▶ _PROBLEM TO SOLVE_
What is needed is an exact copy of the entries below, with every picture left out.

▶ _DATA TO EXAMINE_

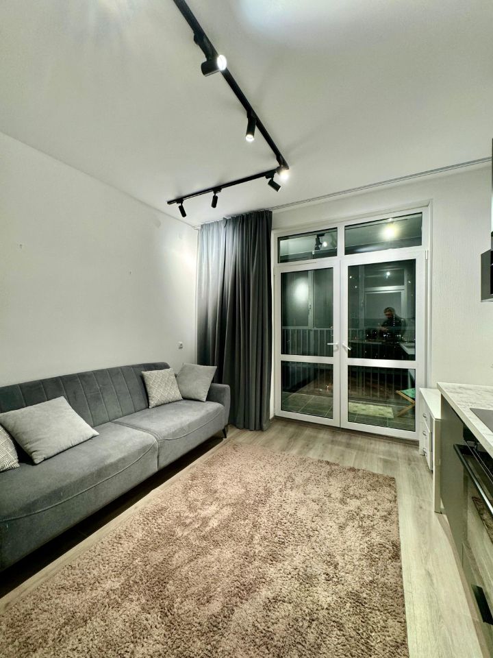 Квартира обустроена всей необходимой мебелью и оборудованием для комфортного проживания (кухонный гарнитур ведущtй компании Maria, раскладной диван, кровать, микроволновая печь, большая посудомойка, кофемашина, холодильник, стиральная машина, электрическая плита, духовой шкаф, телевизор, робот пылесос, Шкафы в прихожей, комнате и на балконе, сделанные на заказ, wi-fi+роутер).
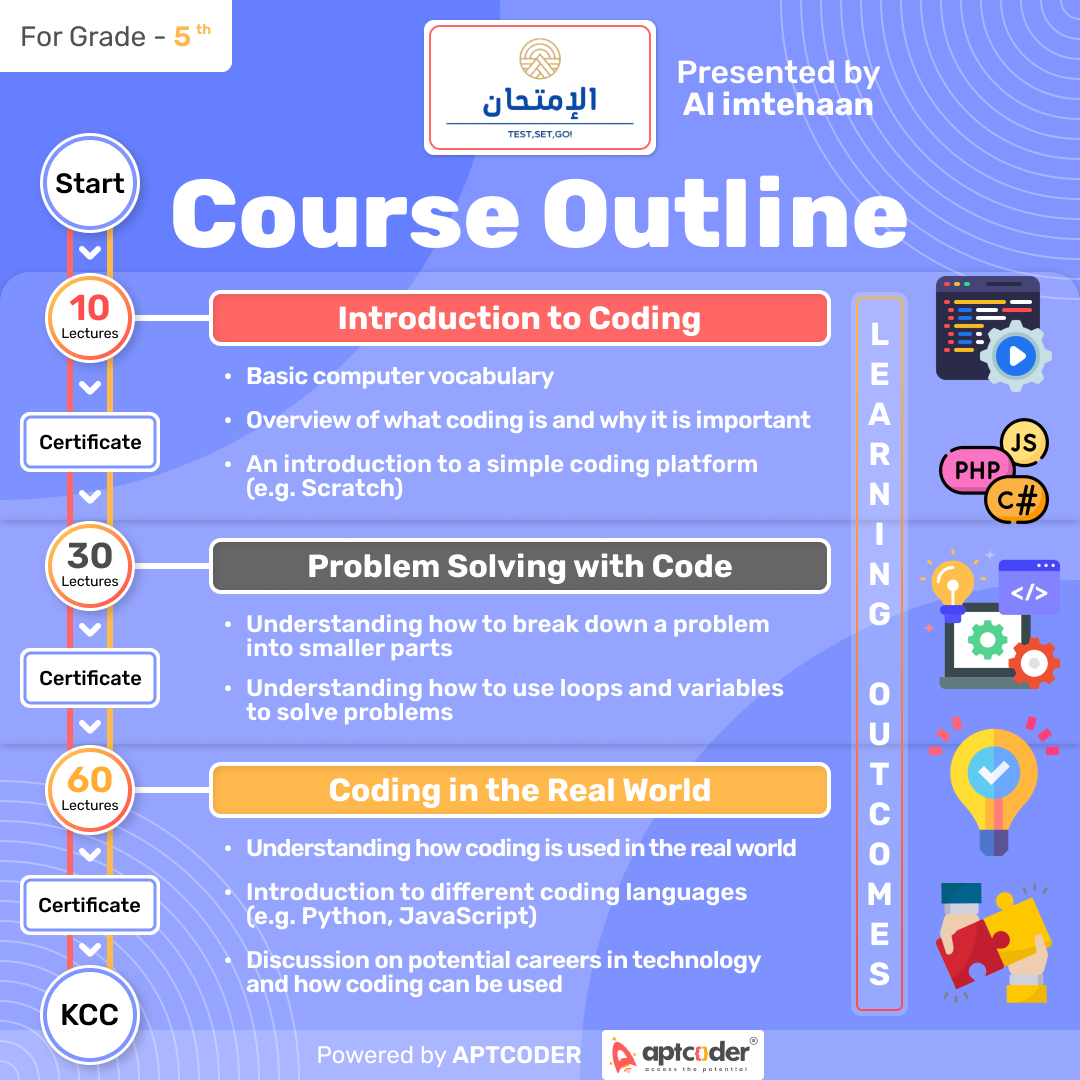 An introduction to text based programming. Basic computer vocabulary. Understanding 1. What is coding? Why is coding important. Sharing your Scratch projects with others. Creating interactive stories in Scratch. Breaking down a problem into smaller parts. Conditional statements: if/else statements and using logic in code. Introduction to more advanced coding concepts (e.g. functions and arrays). Creating a platformer game in Scratch. Using code to create art and music.
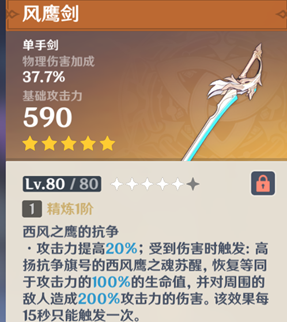 风鹰剑是把高攻击白值的武器, 受到攻击时回复血量并造成伤害。武器本身提供高额的白值攻击,被动触发条件简单,是一把可输出可辅助的武器。白值674,物理伤害加成41.3%,攻击力提升20%,物刻,物理七七毕业武器
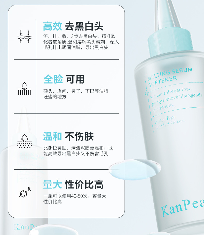 QK01-KanПерсиковая экспортная эссенция от черных точек 150 мл + влажный компресс-хлопок; Светло-зеленая лопата для угрей; Темно-зеленая лопата для угрей
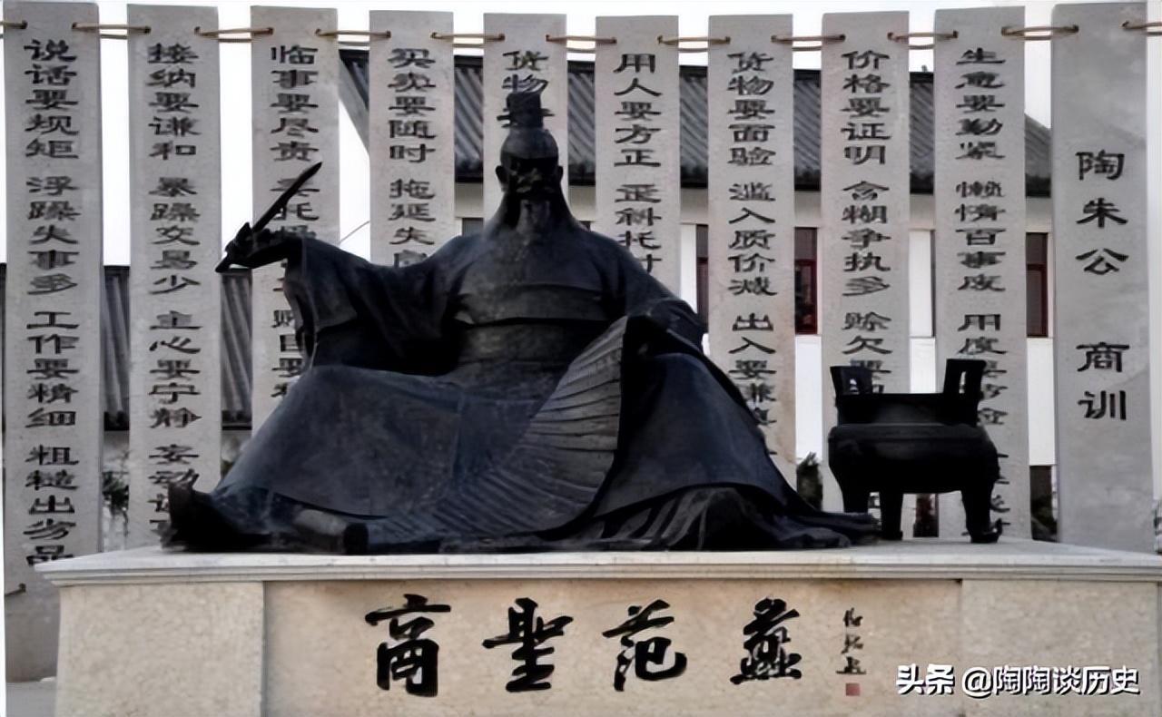 范蠡初为楚国名士,后不满于楚国政治的黑暗遂与文种一起投奔越国,在越国辅佐越王勾践提出“计然七策”之五,就帮助越国复兴,进而灭掉吴国,一雪会稽之耻,成就了勾践的霸业。范蠡了解勾践其人,可共患难,不可同富贵,于是功成名就后急流勇退,更名改姓,隐居山野,游走于天地之间。期间三次经商成为巨富,然后又三次散尽家财,后定居于宋国陶丘,自号“ 陶朱公”。范蠡是中国古代早期的商业理论家,他有治国理财的实际经验,他提出的'农末俱利'的价格政策和'平粜齐物'的经济主张有重要的理论意义和实践意义。“劝农桑,务积谷”、“农末兼营”、“务完物、无息币”、“ 平粜 各物,关市不乏,治国之道也。”、“夏则资皮、冬则资絺、旱则资舟、水则资车,以待乏也。” 等至今对现代的经济建设也有积极的现实意义。被后人尊称为“商圣”。
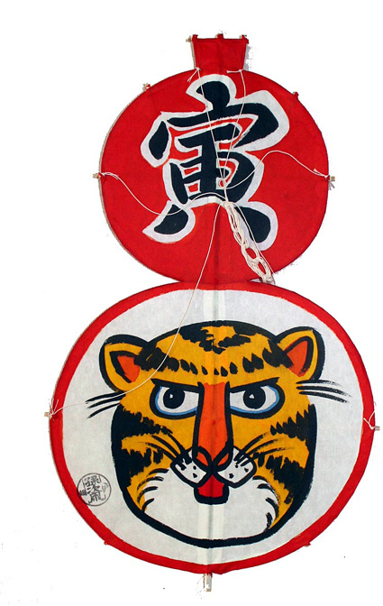 干支凧(北海道)、津軽凧(青森)、駿河凧(静岡)、ひょうたん(福岡)など、大入りの文字をバックにトラを描いた凧、郷土玩具や寅そのものを描いた凧、凧愛好家がデザインした絵柄の凧などが目を引く。
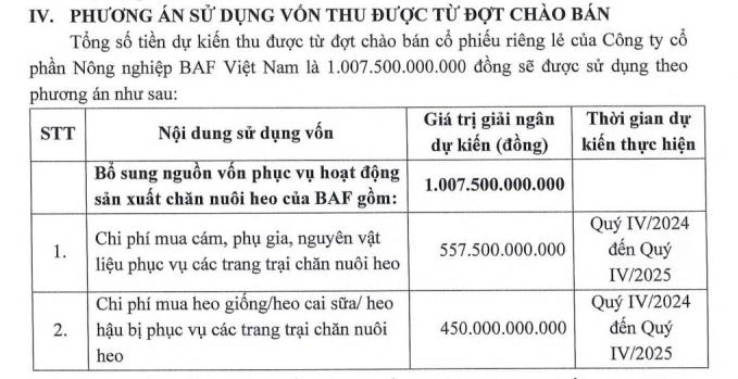 Tổng số tiền huy động được dự kiến là 1.007,5 tỷ đồng. Với số tiền này, công ty dự kiến dùng 557,5 tỷ đồng để bổ sung nguồn vốn phục vụ hoạt động sản xuất chăn nuôi heo gồm chi phí mua cám, phụ gia, nguyên vật liệu phục vụ các trang trại chăn nuôi heo. Số tiền 450 tỷ đồng còn lại dùng để bổ sung chi phí mua heo giống/heo cai sữa/heo hậu bị phục vụ các trang trại chăn nuôi.
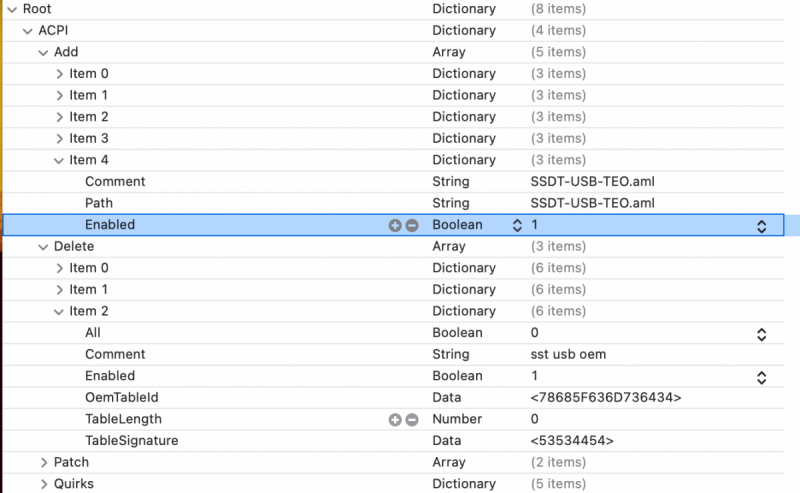 Dunque... La porta usb che verrà lasciata abilitata deve essere: Oppure è necessario togliere S4NC e sostituirlo con One? La porta che invece verrà disabilitata deve risultare così: A questo punto ho compilato, fatto salva con nome e aggiunto il file in EFI/OC/ACPI/SSDT-USB-TEO.aml. Ora aggiungo questo file nel config di OpenCore e poi che altre modifiche devo fare al file di configurazione? Il file SSDT-EC-USBX.aml va lasciato? e Kernel -> Quirks -> XhciPortLimit va lasciato abilitato?

▶ _OUTPUT BELOW_
 Квартира обустроена всей необходимой мебелью и оборудованием для комфортного проживания (кухонный гарнитур ведущtй компании Maria, раскладной диван, кровать, микроволновая печь, большая посудомойка, кофемашина, холодильник, стиральная машина, электрическая плита, духовой шкаф, телевизор, робот пылесос, Шкафы в прихожей, комнате и на балконе, сделанные на заказ, wi-fi+роутер).
 An introduction to text based programming. Basic computer vocabulary. Understanding 1. What is coding? Why is coding important. Sharing your Scratch projects with others. Creating interactive stories in Scratch. Breaking down a problem into smaller parts. Conditional statements: if/else statements and using logic in code. Introduction to more advanced coding concepts (e.g. functions and arrays). Creating a platformer game in Scratch. Using code to create art and music.
 风鹰剑是把高攻击白值的武器, 受到攻击时回复血量并造成伤害。武器本身提供高额的白值攻击,被动触发条件简单,是一把可输出可辅助的武器。白值674,物理伤害加成41.3%,攻击力提升20%,物刻,物理七七毕业武器
 QK01-KanПерсиковая экспортная эссенция от черных точек 150 мл + влажный компресс-хлопок; Светло-зеленая лопата для угрей; Темно-зеленая лопата для угрей
 范蠡初为楚国名士,后不满于楚国政治的黑暗遂与文种一起投奔越国,在越国辅佐越王勾践提出“计然七策”之五,就帮助越国复兴,进而灭掉吴国,一雪会稽之耻,成就了勾践的霸业。范蠡了解勾践其人,可共患难,不可同富贵,于是功成名就后急流勇退,更名改姓,隐居山野,游走于天地之间。期间三次经商成为巨富,然后又三次散尽家财,后定居于宋国陶丘,自号“ 陶朱公”。范蠡是中国古代早期的商业理论家,他有治国理财的实际经验,他提出的'农末俱利'的价格政策和'平粜齐物'的经济主张有重要的理论意义和实践意义。“劝农桑,务积谷”、“农末兼营”、“务完物、无息币”、“ 平粜 各物,关市不乏,治国之道也。”、“夏则资皮、冬则资絺、旱则资舟、水则资车,以待乏也。” 等至今对现代的经济建设也有积极的现实意义。被后人尊称为“商圣”。
 干支凧(北海道)、津軽凧(青森)、駿河凧(静岡)、ひょうたん(福岡)など、大入りの文字をバックにトラを描いた凧、郷土玩具や寅そのものを描いた凧、凧愛好家がデザインした絵柄の凧などが目を引く。
 Tổng số tiền huy động được dự kiến là 1.007,5 tỷ đồng. Với số tiền này, công ty dự kiến dùng 557,5 tỷ đồng để bổ sung nguồn vốn phục vụ hoạt động sản xuất chăn nuôi heo gồm chi phí mua cám, phụ gia, nguyên vật liệu phục vụ các trang trại chăn nuôi heo. Số tiền 450 tỷ đồng còn lại dùng để bổ sung chi phí mua heo giống/heo cai sữa/heo hậu bị phục vụ các trang trại chăn nuôi.
 Dunque... La porta usb che verrà lasciata abilitata deve essere: Oppure è necessario togliere S4NC e sostituirlo con One? La porta che invece verrà disabilitata deve risultare così: A questo punto ho compilato, fatto salva con nome e aggiunto il file in EFI/OC/ACPI/SSDT-USB-TEO.aml. Ora aggiungo questo file nel config di OpenCore e poi che altre modifiche devo fare al file di configurazione? Il file SSDT-EC-USBX.aml va lasciato? e Kernel -> Quirks -> XhciPortLimit va lasciato abilitato?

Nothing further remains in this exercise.